Agencies like Health and Human Services and the Department of Defense have begun to help iHealth get its tests through customs faster using priority labels, and will help charter flights full of the tests from China beginning in the first week of February, Feng said.

“They are helping us a lot,” said Feng.

Feng also said some states have also mobilized resources by sending ground teams to the warehouses to help move tests.

A Biden administration official told ABC News that the White House “continues to actively engage with manufacturers and distributors to help them expedite their timelines and help get tests to the American people.”

The official said the government was coordinating chartered aircraft for the 250 million iHealth rapid tests it had contracted for Biden’s plan, and was also working on “breaking through bottlenecks” at Los Angeles International Airport, where most shipments from China arrive, by working with the airport and with Customs and Border Protection to get each shipment “trucked out of the airport as soon as it lands.”

The official also noted that the Biden administration had increased the monthly supply of overall at-home rapid tests in the U.S. four times over from fall through December.

Experts note that the supply chain issues facing iHealth are not unique to that testing company.

Some of the issues stem from “general supply challenges,” said Mara Aspinall, head of the National Testing Action Program at the Rockefeller Foundation, which connects testing companies with state governments.

“But increasingly we’re hearing that — like all other essential businesses — manufacturers, shipping companies and others have so many people out with COVID that they can’t fully take advantage of the technological capacity, and therefore supplies are being slowed,” she said.

While iHealth is one of the most prolific producers of rapid tests for the U.S., other companies are also critical to meeting the enormous demand. ABC News reached out to several other large suppliers of rapid tests, including Roche, Siemens, Abbott and Ellume, and those that responded said they were doing everything possible to meet demand, including opening new production lines to scale up production by tens of millions of tests per month.

“There are currently tens of millions of tests in various settings and supply chains,” said Abbott spokesperson John Koval. “We build BinaxNOW in the U.S. because it hedges against unpredictable supply chains and is what enables us to produce at massive and reliable scale, which is what we’re doing.” As a result, Koval said, the company is aiming to be able to produce 100 million tests per month.

With more and more rapid testing products on the market, there’s also more competition for distributors.
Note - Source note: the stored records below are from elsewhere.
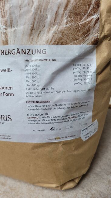 Sapodoris Dermino Protein supplementary feed amino acids - Opened 2.5 kg bag of Dermino protein supplementary feed from Sapodoris. A few daily portions have been removed, but the bag still weighs approx. 2.6 kg in total, so it should still be as good as full. Stored in a cool, dark place. Minimum shelf life until March 2026.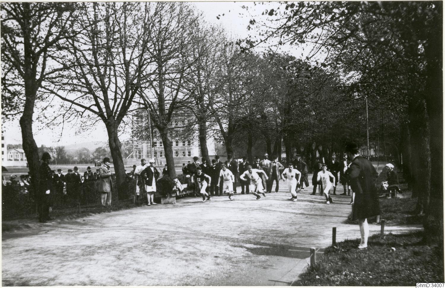 Löpartävling med hastighetslöpare, på distsansen 150 m, i Gamla Allén, 1894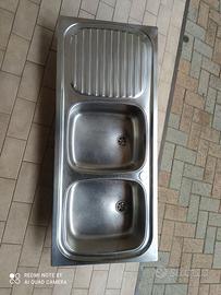 Lavello in acciaio due vaschette più gocciolatoio lato sinistro predisposto sia per miscelatore a parete che su lavello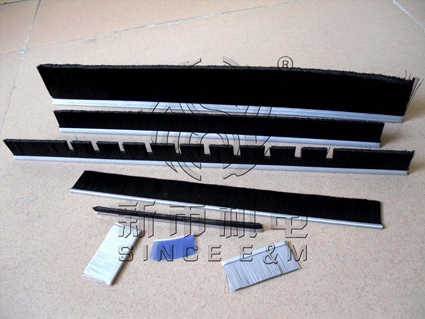 条 刷:产品有不锈钢条刷,橡胶条毛条刷,铁皮条刷,不锈钢丝条刷,波纹尼龙丝条刷,尼龙丝条刷,砖机条刷,马毛条刷等。用于活动门窗、旋转门、平滑门、自动门、自动扶梯、公交车、地铁、电梯等都装有相应的条刷配套产品,用来阻隔灰尘,防止灰尘进入内部。家居门窗条刷(750、800、850、900、1000)按门宽配制具有防尘防虫等功能。条刷一般用铁带(或不锈钢带)和铁丝(或不锈钢丝)进行固定刷毛,广泛应用于各类门窗及机器设备的清扫、清洁、防尘、密封等。条刷厚度规格为:3、4、5、6、7、8、10mm等,刷丝长及条刷长度按要求加工成相应的规格。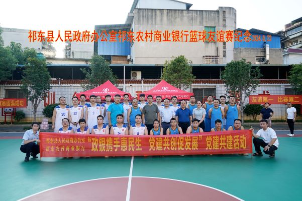 金融文化参讯-湖南(何源)运球、传球、突破、投篮……8月25日,一场以“政银携手惠民生,党建共创促发展”为主题的篮球友谊赛在响亮的哨声中拉开帷幕,来自祁东县人民政府办公室、祁东农商银行共三十余名运动员以球会友,以赛传情。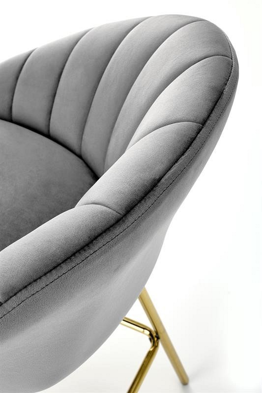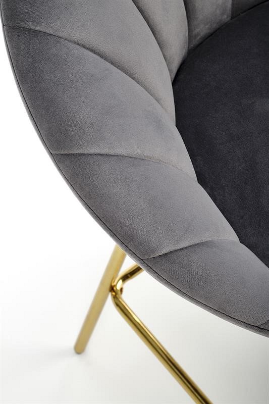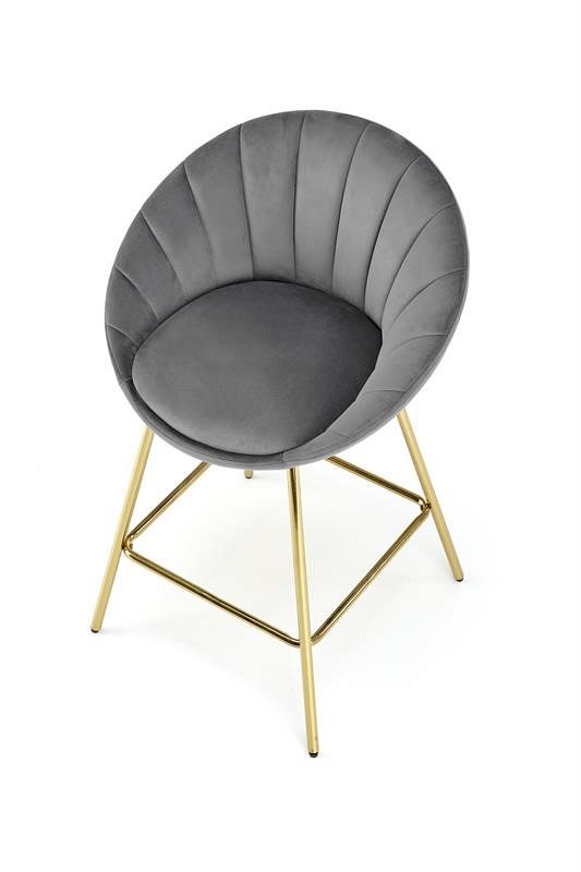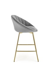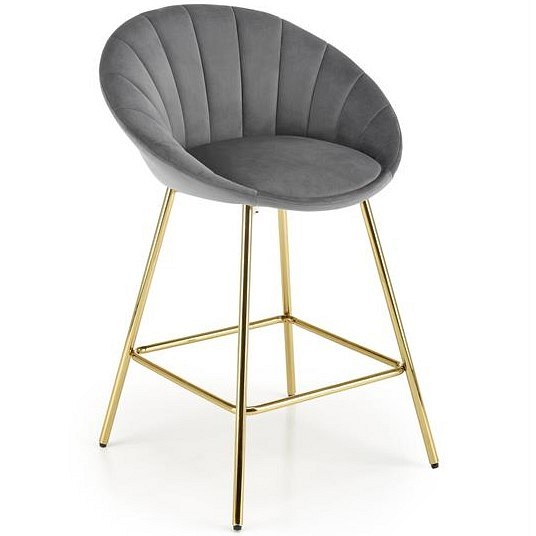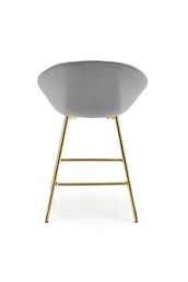 Stołek H-112 to doskonały wybór do urządzania kuchni lub baru w szykownym stylu. Jego nogi wykonane są z pozłacanej stali, co nadaje meblom eleganckiego wyglądu. Nogi połączone są ze stalowym wspornikiem, który wzmacnia konstrukcję stołka i jednocześnie zapewnia wygodne oparcie dla nóg siedzącego. Siedzisko i oparcie hokera tapicerowane jest piękną aksamitną tkaniną. Takie połączenie koloru złotego i popielatego stanowi harmonijną całość, która przyciąga uwagę i nadaje wnętrzu niepowtarzalnego stylu.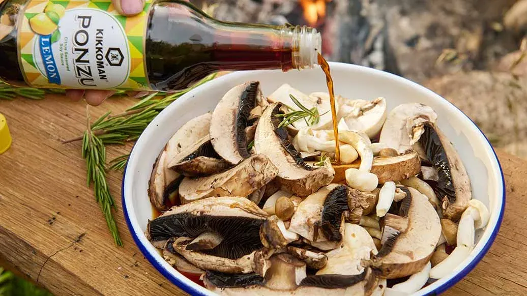 Tyto houbovo-pórkové špízy, , dochucené rozmarýnem, česnekem a Kikkoman Ponzu Citrón omáčkou, jsou jednoduchým, ale neodolatelně chutným jídlem – perfektní volba pro grilování nebo rychlou večeři.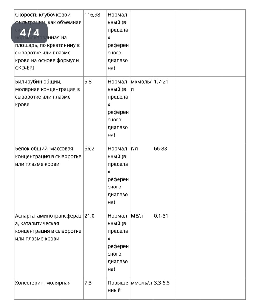 Меня не так беспокоит ваш креатинин, как холестерин. Печёночные пробы в норме, но как выше середины референса.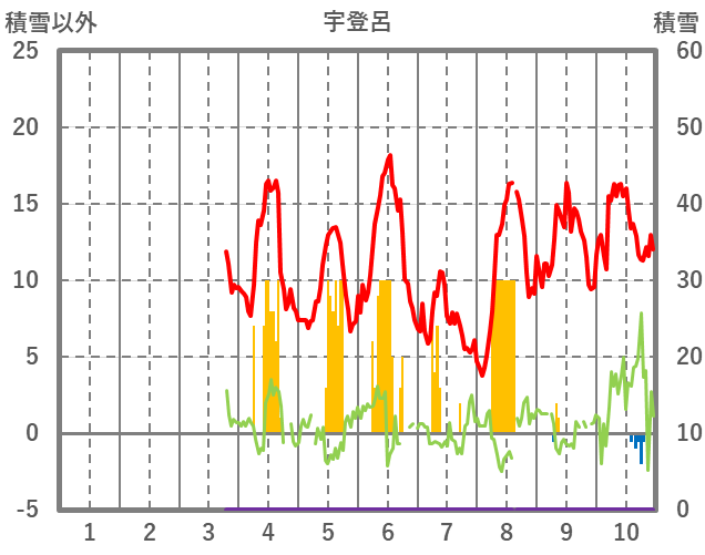 | 日 | 時 | 気温 | 降水 | 風向/風速 | 日照 | 積雪 | 降雪 |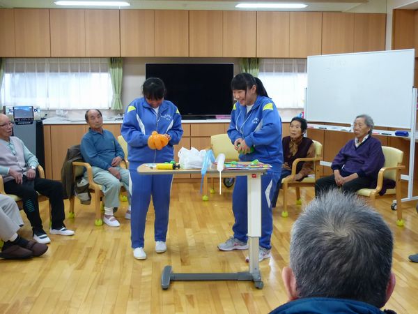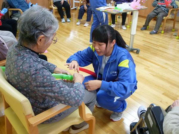 マイチャレンジで小川中学校の中学生2名が職場体験に参加しました。最初は慣れない表情でしたが、利用者のみなさんと一緒にバルーンアートを体験しているうちに笑顔がみられるようになりました。いつも以上に楽しい時間を過ごされていました。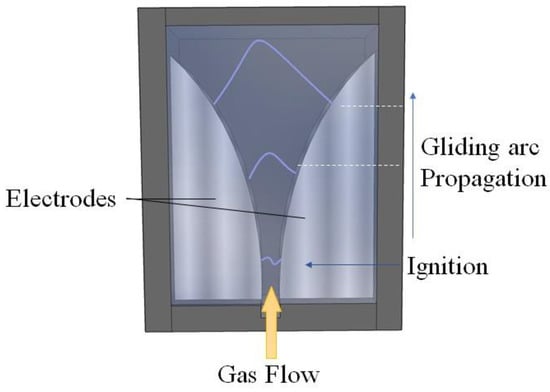 Warm plasmas, which include both thermal and non-thermal plasma conditions, have been used for nitrogen fixation, and progress regarding energy efficiency and product selectivity has been recently reported in the literature. Among the different reactor configurations, the gliding arc is the one that has been considered to be the most efficient and promising discharge type for gas conversion [61,62,63,64]. In particular, the use of this reactor type has also been extended to other systems like CO2 conversion and CH4 reforming [62,65,66]. The schematic diagram of a typical gliding arc reactor is shown in Figure 3. The arc, initially formed at the narrowest gap between electrodes, moves along the horn-shape electrode by the gas flowing towards the wider end of the gap until it extinguishes. After that, a new cycle starts with the arc formation at the narrowest gap again. The production of NOx has been reported in several previous works [67,68,69], and more detailed studies with special interest in energy efficiency, yield and reaction mechanisms were done recently. Wang et al. [53] investigated the NOx synthesis in a pulsed power gliding arc discharge through chemical kinetic modelling, and their results showed that the vibrational excited N2 can help overcome the energy barrier of the non-thermal Zeldovich mechanism O + N2(v) → NO + N, providing an energy efficient way to produce NO. The gliding arc reactor works in non-equilibrium conditions (maximum temperature of 1500 K), thus achieving much higher yields of NO when compared with the thermal process. Patil et al. [70] used a milliscale gliding arc reactor in their experimental study. Such milliscale configuration could reduce the volume of the gas that bypasses the arc, thus improving the contact between reactive species and gas molecules with a consequent increase in NOx production. The highest concentration of NO achieved in this study is close to 1%, with an energy efficiency of 10 kWh/kg of NOx. In a follow-up study [71], the NOx concentration was increased up to 1.4%, which is a promising concentration for container-size fertilizer production plant.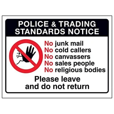 V Safety Trading Standards: No Junk Mail or Cold Callers Sign 150mm x 100mm Self Adhesive Vinyl

That’s been a particular challenge for iHealth, a new company that didn’t have the connections of bigger pharmaceutical companies that had been around for years.

“I think it’s hard to guarantee a consistent freight supplier for so many of these companies, because there’s not a program where when you receive an EUA [emergency use authorization from the FDA], you receive immediate distribution assistance,” said Andrew Sweet, managing director of COVID-19 Response and Recovery at the Rockefeller Foundation.

“That’s in part why we’re at where we’re at,” said Sweet. “It is really dependent on the individual manufacturer to have those relationships in order to get their product to market as quickly as possible.” As a result, said Sweet, the companies that have existing relationships can “hustle.”

“They’re more successful than others,” he said.